Lalu dia menjadi 'alaqah selama 40 hari, terus menjadi mudghah selama 40 
hari juga. Maka Allah SWT memerintahkan malaikat untuk menuliskan 
rezekinya, ajalnya, amalnya, serta kedukaan atau kebahagiannya.
Bila seseorang di antara kita mengerjakan amalan ahli surga, namun 
tiba-tiba ia melakukan perbuatan ahli neraka di akhir hayatnya, lalu 
menemui ajalnya, maka ia pun masuk neraka. Sebaliknya, bila seseorang dari 
kita mengerjakan amalan ahli neraka, tapi tiba-tiba di akhir hayatnya ia 
melakukan perbuatan ahli surga, dan lalu menemui ajalnya, maka ia pun masuk 
surga.
Maka apapun perbuatan kita, bila Allah SWT telah menetapkan nasib dan 
takdirnya, maka jadilah orang itu selamat atau celaka, baik di dunia maupun 
di akhirat. Namun, yakinlah dengan salah satu sifat Allah, yakni Maha 
Pengasih. Hamba-hamba yang mampu menunjukkan diri sebagai hamba Allah 
sejati itulah yang akan menikmati kasih sayang-Nya. Seseorang yang rajin 
dan tekun beribadah, tiba-tiba mati saat berzina, atau berbuat syirik, atau 
durhaka pada orang tua, maka ia mati di jalan kekufuran. Mati kufur berarti 
tak akan masuk surga. Karena itu tidak selayaknya kita buru-buru puas 
dengan amal perbuatan kita.
Ada kisah tentang seorang perempuan yang suka berzina datang kepada Nabi 
Musa AS. Dia bertanya apakah dosa zina dia itu bisa diampuni Allah SWT, 
karena dia sudah bertaubat. Nabi Musa mengusir perempuan itu dengan 
menyatakan bahwa ia itu perempuan menjijikkan dan tak akan diterima 
taubatnya. Lalu perempuan itu menangis terisak-isak sambil berlari menjauhi 
Nabi Musa AS.
Tiba-tiba datang malaikat menemui Nabi Musa dan mengatakan bahwa taubat 
perempuan itu diterima Allah SWT. Lalu Nabi Musa menjumpai perempuan itu 
mengabarkan bahwa taubat perempuan itu dikabulkan Allah SWT. Maka 
bergembiralah perempuan itu, karena di hari kiamat nanti dia akan masuk 
surga, setelah mampir dulu di neraka tentunya selama beberapa tahun. 

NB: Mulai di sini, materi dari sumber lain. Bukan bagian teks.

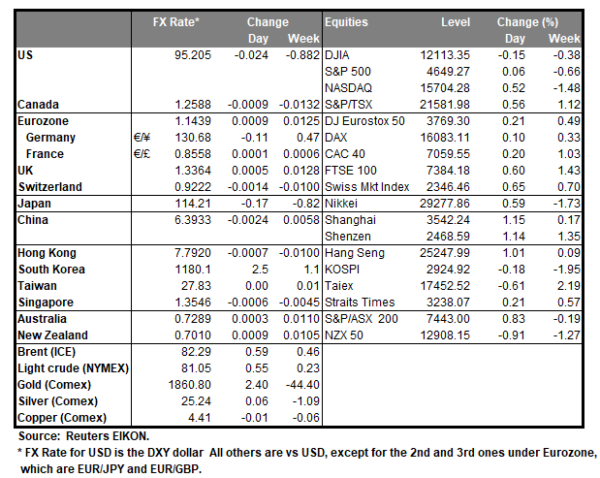 The USD continued to gain against a number of its counterparts yesterday in the aftermath of the release of October’s US CPI rates. Overall market mood remained unchanged also given that no high impact US financial data were released yesterday. On a fundamental level we note the thawing of tensions in the US-Sino relationships which started with the announcement of the collaboration of the two countries in an effort to reduce emissions. The issue though may continue as US President Biden and Chinese Leader Xi Jinping are scheduled to address leaders of the Pacific Rim late today and should the tensions in the relationships of the two countries ease further, we may see the USD experiencing some safe haven outflows. On the other hand, markets today may be more interested in the release of the preliminary US University of Michigan for November and the JOLTS job openings figure for September. On the monetary front we highlight the speech of New York Fed President Williams, and should he maintain the Fed’s usual narrative about the temporary nature of inflation we may also see the USD retreating somewhat due to the bank’s dovishness.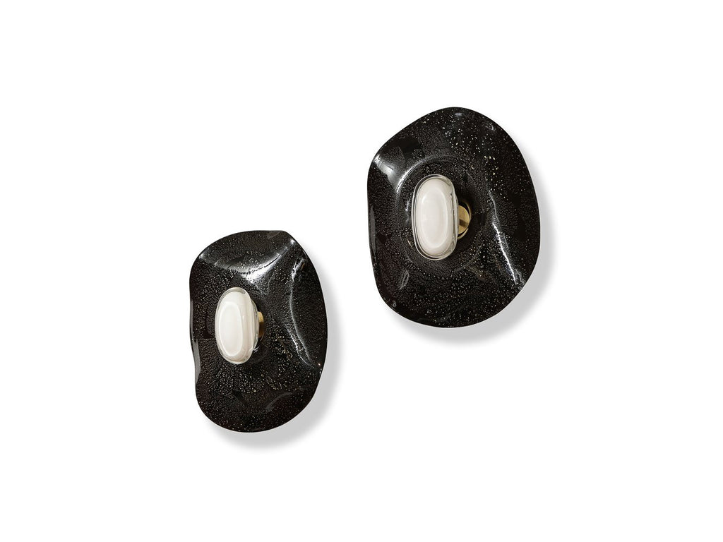Glass, Japanese gold foil, brass. Handblown platter forms inlaid with Japanese gold foil and sculpted glass diffusers. These fixtures are signed by the artist, UL certified and made per order here in New York City. Each fixture is fitted with one candelabra socket. We recommend using T-3 40w or 60w candelabra bulbs. Custom colors & metal finishes available. Choose from several hot-sculpted diffuser options. 16-20 week lead time. Can be mounted on the ceiling as well. There are currently no floor models available, so these would have to be ordered.

Kejadian yang hampir sama juga pernah dituliskan dalam kitab hadis Shahih 
Muslim. Kisah itu mengungkapkan tentang pria yang membunuh 100 orang. 
Setelah menyatakan taubat dan hendak pergi ke masjid, dia meninggal. Dia 
kemudian digolongkan menjadi salah satu calon penghuni surga.

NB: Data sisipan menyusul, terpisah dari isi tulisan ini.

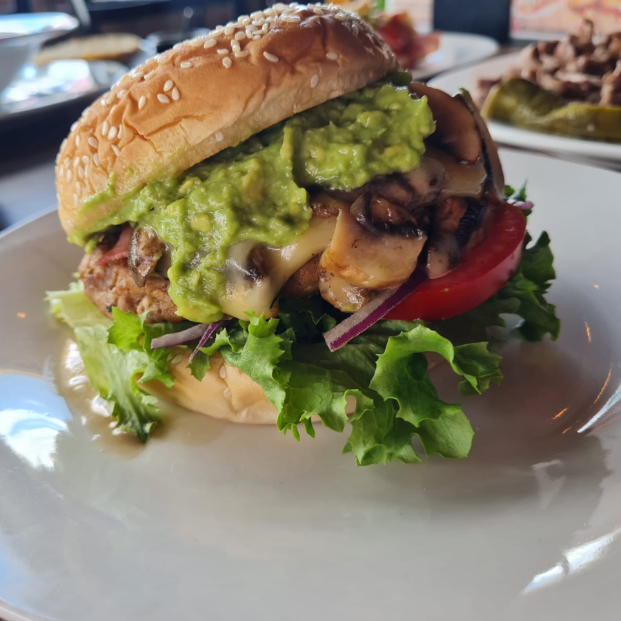 Carne 100% de res con queso manchego, jitomate, champiñones, lechuga, cebolla, catsup, guacamole, mostaza y picante

Lalu bagaimana dengan kita? Apakah kita khawatir akan dimasukkan ke neraka 
walaupun tekun shalat, berpuasa, bayar zakat, bahkan sudah naik haji pula? 
Apakah juga bila kita seorang penggemar zina, pengamal syirik dan kejahatan 
sudah tentu bakal masuk neraka? Bila taubat dilakukan sebelum mati, maka 
itu akan sangat membantu. Alquran Surat Thaha ayat 112 menyebutkan, 
''Barangsiapa yang mengerjakan amal-amal kebajikan dan dia dalam keadaan 
beriman, maka tak perlu khawatir akan perlakuan dzalim, dan jangan takut 
akan pengurangan haknya.'' Artinya Allah SWT menjamin bahwa orang beriman 
dan beramal kebajikan akan pasti masuk surga.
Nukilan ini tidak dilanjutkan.